If the junior explorer fails to make the final payment or if Allied Nevada chooses to retain a 25% interest, the miner will place the property into a joint venture, where West Kirkland will hold a 75% stake.
To help fund the transaction, West Kirkland recently completed a non-brokered private placement where it sold 11.9 million shares priced at 10¢ apiece to raise $1.2 million in funds, of which it allocated US$500,000 for the non-refundable deposit it paid Allied Nevada upon entering the sales agreement.
Commenting on the transaction, BMO analyst Brian Quast, who covers Allied Nevada, says the sale price is below his 10% net present value of US$91 million for the property. That said, he notes “shoring up the balance sheet should take priority in this [low gold-price] environment.” Quast cautions that completing the transaction depends on West Kirkland securing more funds, noting the smaller firm generates no income.

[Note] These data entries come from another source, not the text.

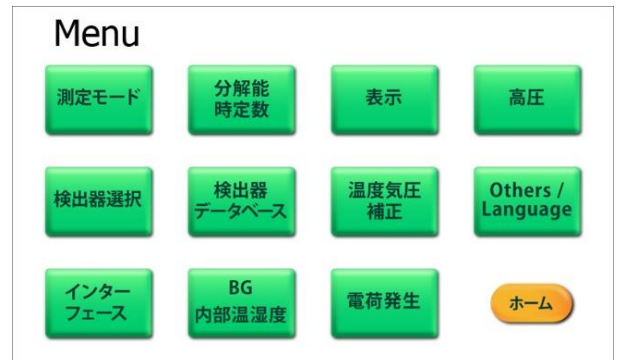
Menu 画面で「電荷発生」を押すと下記の画面へ替わります。
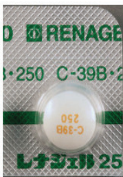
レナジェル、フォスブロック (塩酸セベラマー)

【用法】食直前～食中～食直後 【作用】胃酸によりイオン化されリンを吸着 【特徴】PHが6以上での吸収効果の減弱→胃酸を押さえる薬（ファモチジン、タケプロン、オメプラール、パリエット）は服用時間を離します 【注意】空腹時に服用すると、血清Ca値の上昇を招き、異所性石灰化、無形成骨症を起こしやすくなります
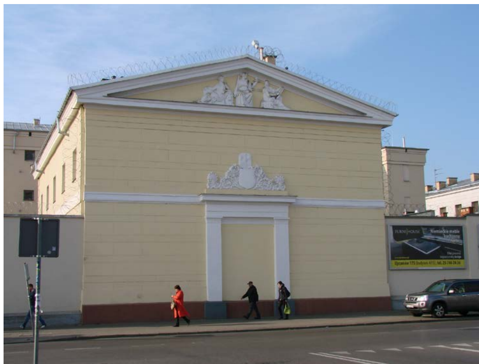
7. Sąd Komisji Poprawczej, ob. budynek więzienny

W pierwszej ćwierci XIX wieku był czynny drugi cmentarz żydowski, założony w 1785 r. na południowo-zachodnich obrzeżach miasta w pobliżu dzisiejszych ulic: Pułaskiego, Armii Krajowej i Sienkiewicza. Został on zlikwidowany w 1825 roku, a na jego miejsce wytyczono nowy daleko poza wałami miejskimi w kierunku zachodnim przy dawnym trakcie na Warszawę (obecnie ul. Szkolna).
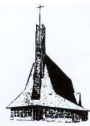
église Ste Bernadette

En novembre : deuxièmes rencontres, dans les lieux habituels, pour « Redécouvrir l'évangile selon saint Matthieu » le 6 ; « Vivre en baptisé » le 12 ; « Les enjeux de l'œcuménisme » le 14 ; « L'Exil dans la Bible et dans nos vies » le 16 ; « Découvrir la petite voie de confiance et d'amour de sainte Thérèse de Lisieux » le 18 ; « Le cœur, organe de vie » avec le Docteur Rossignol le 18.
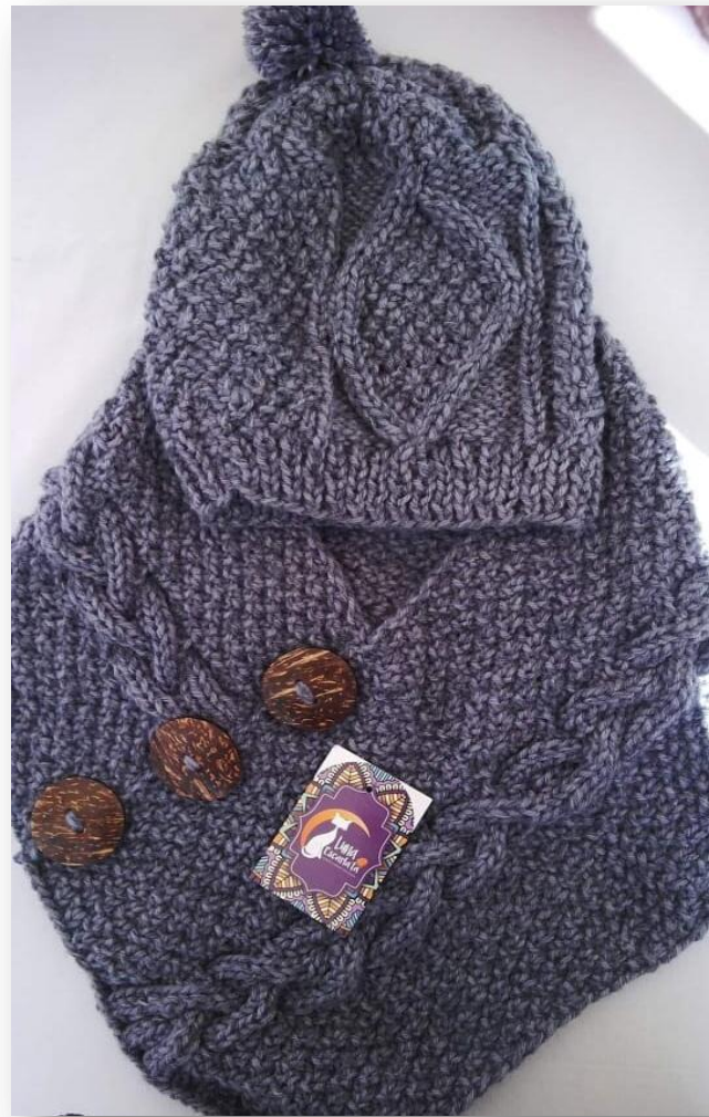
Cueller y gorra para caballero

Contacto: Olga Lovato Correo: artesguapulo@gmail.com Teléfono: 0987127146
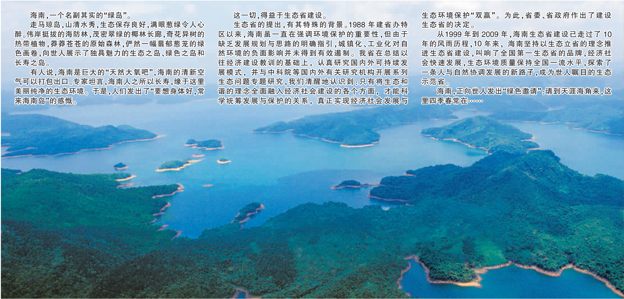
海南处处青山绿水，是备受世人青睐的“生态岛”。图为“宝岛明珠”松涛水库。

In a move to increase its liquidity, Allied Nevada revised its credit agreement in December with the Bank of Nova Scotia and other lenders. Of note, the bank agreed to remove “certain covenants that had become obstacles with the declining price of gold,” said Stephen Jones, the company’s chief financial officer, in a release.
As a result, the bank reduced Allied Nevada’s US$120-million credit facility to US$40 million, however, added an “accordion feature” that could increase that amount to US$75 million.
Quast says that “while this amended revolver gives Allied Nevada some cash cushion in 2014,” he argues the miner still does not have enough funds to expand its Hycroft heap-leach gold–silver mine near Winnemucca, Nev.
The firm plans to expand its single producing mine by constructing a mill to process the harder sulphide material. It is working on a prefeasibility study for the expansion, and aims to start construction later this year.
Allied Nevada says it will lower its mining rate in 2014, but process higher-grade ore that was previously assigned to the mill. “Guidance for the mined grades in 2014 is 0.48 gram gold per tonne and 12 grams silver per tonne, which is double the [0.24 gram gold and 6.9 grams silver] heap-leach reserve grades reported in the last statement,” Quast writes.
The company is targeting 2014 sales of 230,000 to 250,000 oz. gold and 1.7 million to 2 million oz. silver at expected by-product cash costs of US$825 to $850 per oz. In comparison, it sold 181,941 oz. gold and 858,073 oz. silver last year, with the silver sales falling slightly below its expectations.
Allied Nevada will release its full 2013 financials on Feb. 24.
It gained 4% to close at $5.68 on Feb 11, within a 52-week range of $3.20 to $23.84.
Quast rates the stock as an “underperform speculative,” and has no target price.